Friday update

SHORT TERM: quiet options expiration, DOW +20

Overnight the Asian markets gained 1.1%. Europe opened higher but lost 0.7%. US index futures were higher overnight. At 8:30 the NY FED was reported higher: +3.1 v -1.2, then at 9:15 Industrial production was reported lower: -0.3% v -0.6%. The market opened three points above yesterday’s close, made the high for the day, and then started to pullback. By 10am the SPX had hit 2117, then it stayed in a narrow range for the rest of the day closing at 2123.

For the day the SPX/DOW were +0.10%, and the NDX/NAZ were -0.05%. Bonds gained 20 ticks, Crude slipped 15 cents, Gold added $3, and the USD was lower. Medium term support remains at the 2085 and 2070 pivots, with resistance at the 2131 and 2198 pivots. Last night the FED reported the monetary base lower: $4.010tn v $4.027tn. Today the WLEI was reported higher: 51.2% v 50.5%. The economy is growing again.

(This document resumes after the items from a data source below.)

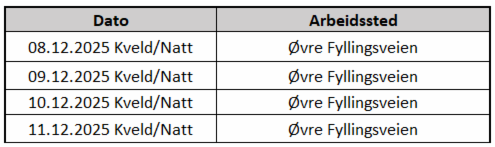 I uke 50 skal det fornyes følgende steder: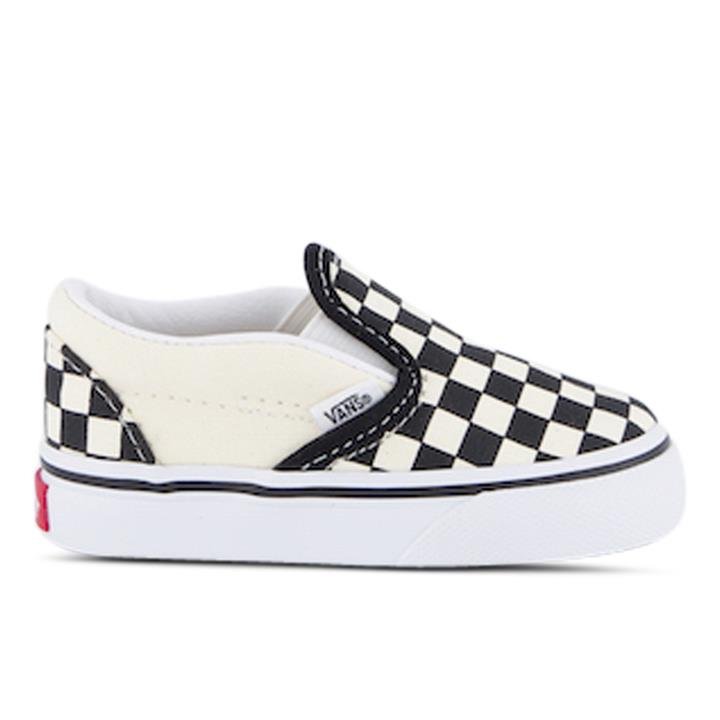 The Toddler Classic Slip-On has a low profile, slip-on canvas upper with all-over checkerboard print, elastic sides with foxing stripe and outsole details just like the original.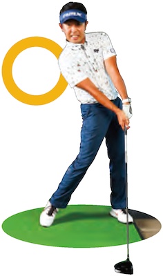 トップがスタートでインパクトがゴールと考えると、トップでの勢いの付け方がヘッドスピードを上げて、飛距離にも大きく影響してきます。上手い人の足元を見るとどのプロもトップでは足首が内側に曲がっています。外側に曲がった状態からダウンスイングに入るプロはいません。これが足元の新常識と言えるでしょう。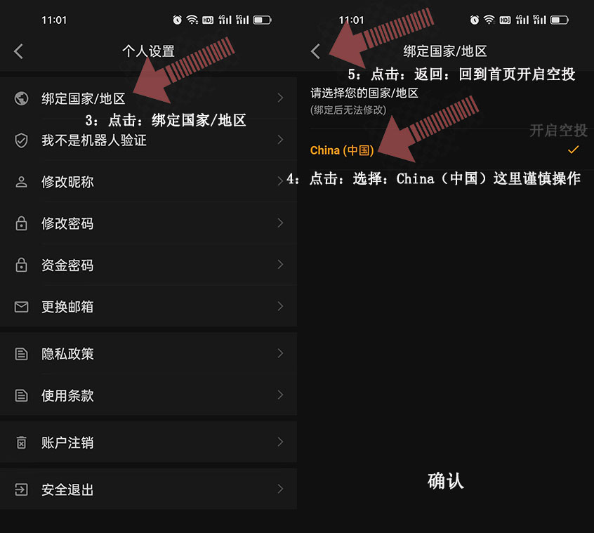 3:點(diǎn)擊:綁定國家/地區(qū)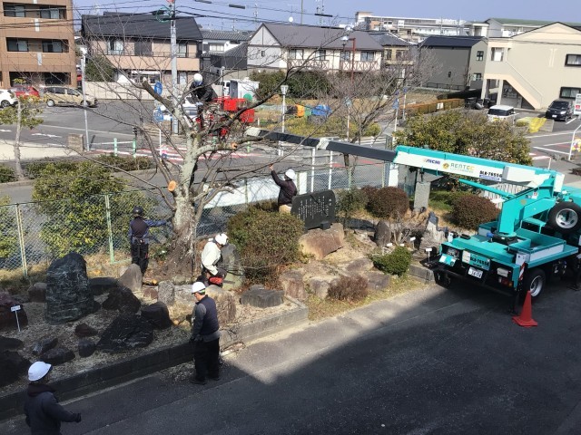 正門付近の桜の木は老木になっており、複数の作業員が対応していました。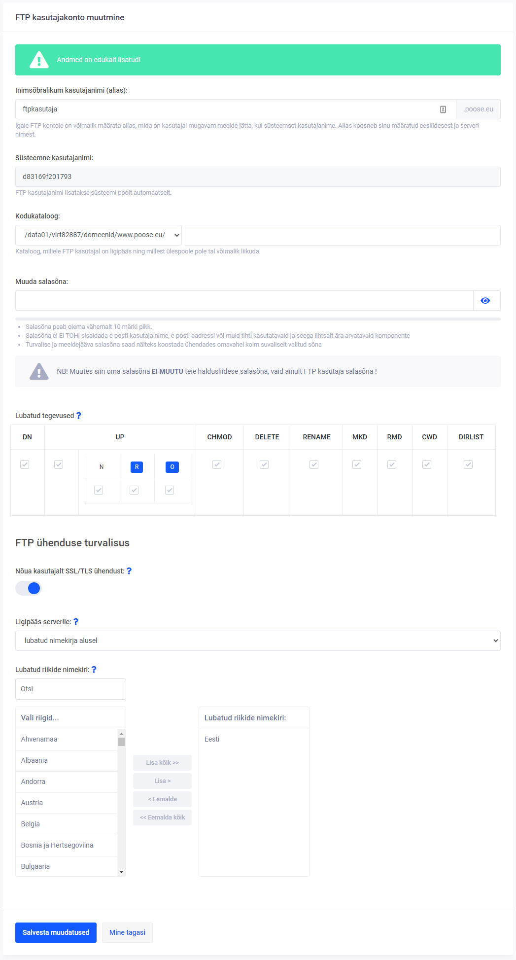 Peale konto edukat lisamist on sul võimalik juba peenhäälestada FTP konto seadeid. Sealjuures piirata ligipääsu riigipõhiselt, keelata ebaturvalised ühendused ja FTP kasutaja ligipääsu kataloog.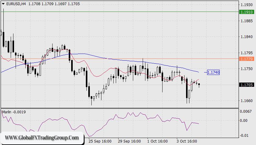On the 4-hour chart, the weakness of the bulls suggests that the price may not break above the MACD resistance line (1.1740) on the first attempt. Likewise, the Marlin oscillator remains in the negative zone and is unlikely to support price growth before the end of the day. We expect the price to increase slowly.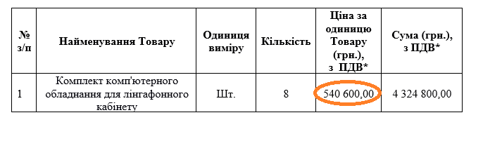 9 травня УПРАВЛІННЯ ОСВІТИ КРОПИВНИЦЬКОЇ МІСЬКОЇ РАДИ провело закупівлю на комплекти комп’ютерного обладнання для лінгафонного кабінету. 8 комплектів планують придбати з 4 326 400 гривень (місцевий бюджет).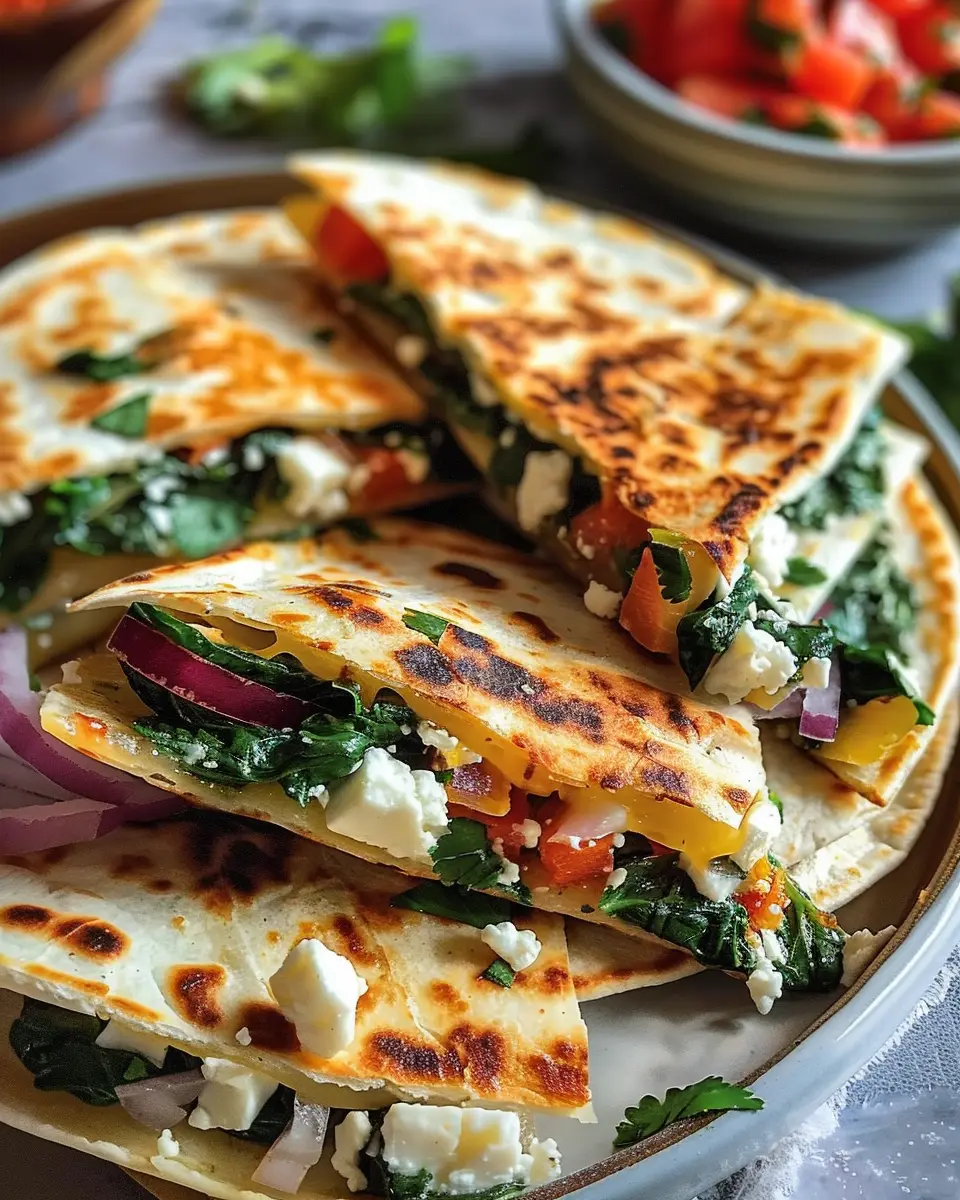 Studies have shown that the Mediterranean diet is associated with numerous health benefits, including improved heart health and better weight management. Filled with ingredients like spinach, feta, and mozzarella, these quesadillas are not just delicious—they pack a nutritional punch. The combination of whole grains in the tortilla, along with the protein from feta cheese and the vitamins from fresh spinach, makes for a meal that is both satisfying and nourishing.

The market opened higher again today for the third day in a row. At the open the SPX hit 2124, its highest level since late April, pulled back, then went into a trading range for the rest of the day. As expected, the volatility often associated with options expiration occurred yesterday. With today’s high the market entered the OEW 2131 pivot range again, and was turned away just like last time. Wave pattern and analysis remains unchanged. Best to your weekend!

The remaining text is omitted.